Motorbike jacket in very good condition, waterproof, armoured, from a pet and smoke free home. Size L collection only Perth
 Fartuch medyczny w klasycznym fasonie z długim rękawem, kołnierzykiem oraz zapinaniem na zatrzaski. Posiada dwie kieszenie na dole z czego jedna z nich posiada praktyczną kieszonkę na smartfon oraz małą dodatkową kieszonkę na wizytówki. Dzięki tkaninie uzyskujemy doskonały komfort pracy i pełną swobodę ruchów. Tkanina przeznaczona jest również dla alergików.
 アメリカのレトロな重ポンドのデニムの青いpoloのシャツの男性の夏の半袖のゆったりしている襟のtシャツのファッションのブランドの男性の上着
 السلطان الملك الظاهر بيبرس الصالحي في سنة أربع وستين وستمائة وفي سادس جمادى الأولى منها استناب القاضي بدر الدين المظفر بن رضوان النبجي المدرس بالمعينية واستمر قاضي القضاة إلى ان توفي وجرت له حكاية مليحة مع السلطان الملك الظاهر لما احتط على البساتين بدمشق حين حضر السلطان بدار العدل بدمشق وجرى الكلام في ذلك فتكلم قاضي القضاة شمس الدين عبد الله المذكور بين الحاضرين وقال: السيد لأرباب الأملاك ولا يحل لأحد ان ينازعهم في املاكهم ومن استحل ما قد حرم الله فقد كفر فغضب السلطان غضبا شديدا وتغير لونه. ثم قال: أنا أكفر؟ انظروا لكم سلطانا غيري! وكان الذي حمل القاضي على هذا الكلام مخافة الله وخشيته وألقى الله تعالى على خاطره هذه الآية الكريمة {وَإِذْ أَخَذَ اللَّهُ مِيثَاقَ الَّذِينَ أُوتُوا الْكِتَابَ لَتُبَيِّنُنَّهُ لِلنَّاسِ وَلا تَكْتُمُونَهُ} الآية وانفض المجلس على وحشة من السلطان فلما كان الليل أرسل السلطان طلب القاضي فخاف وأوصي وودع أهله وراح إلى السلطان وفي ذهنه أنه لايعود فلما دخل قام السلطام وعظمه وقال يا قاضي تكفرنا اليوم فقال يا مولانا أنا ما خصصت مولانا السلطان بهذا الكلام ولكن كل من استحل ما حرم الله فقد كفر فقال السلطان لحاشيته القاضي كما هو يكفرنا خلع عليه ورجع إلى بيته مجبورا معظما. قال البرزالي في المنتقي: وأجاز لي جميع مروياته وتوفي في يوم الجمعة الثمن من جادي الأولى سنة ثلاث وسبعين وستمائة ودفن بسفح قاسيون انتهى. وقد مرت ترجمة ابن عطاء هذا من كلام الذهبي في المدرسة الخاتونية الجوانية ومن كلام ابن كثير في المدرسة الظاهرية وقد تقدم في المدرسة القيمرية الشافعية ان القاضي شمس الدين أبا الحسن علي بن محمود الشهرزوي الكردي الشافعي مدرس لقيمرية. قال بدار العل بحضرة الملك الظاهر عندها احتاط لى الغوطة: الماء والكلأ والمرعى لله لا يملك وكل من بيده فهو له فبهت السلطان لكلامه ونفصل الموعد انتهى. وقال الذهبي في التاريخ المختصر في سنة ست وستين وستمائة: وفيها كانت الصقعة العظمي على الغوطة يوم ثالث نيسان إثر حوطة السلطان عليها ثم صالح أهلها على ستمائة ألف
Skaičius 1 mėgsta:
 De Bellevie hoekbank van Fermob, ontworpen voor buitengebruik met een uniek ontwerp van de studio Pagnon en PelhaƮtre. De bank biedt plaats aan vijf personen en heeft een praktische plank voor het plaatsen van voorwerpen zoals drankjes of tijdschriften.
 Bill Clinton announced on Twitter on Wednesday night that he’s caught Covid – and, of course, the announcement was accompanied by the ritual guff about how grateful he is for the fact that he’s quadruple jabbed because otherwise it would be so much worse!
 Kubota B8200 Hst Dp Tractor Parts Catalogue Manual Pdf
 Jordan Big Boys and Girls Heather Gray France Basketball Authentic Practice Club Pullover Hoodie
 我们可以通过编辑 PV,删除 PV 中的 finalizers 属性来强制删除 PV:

> Work task
One line contains "Jordan Big Boys". Return that line and every later line through the end of the listing above, exactly, and nothing else.

> Written answer
 Jordan Big Boys and Girls Heather Gray France Basketball Authentic Practice Club Pullover Hoodie
 我们可以通过编辑 PV,删除 PV 中的 finalizers 属性来强制删除 PV:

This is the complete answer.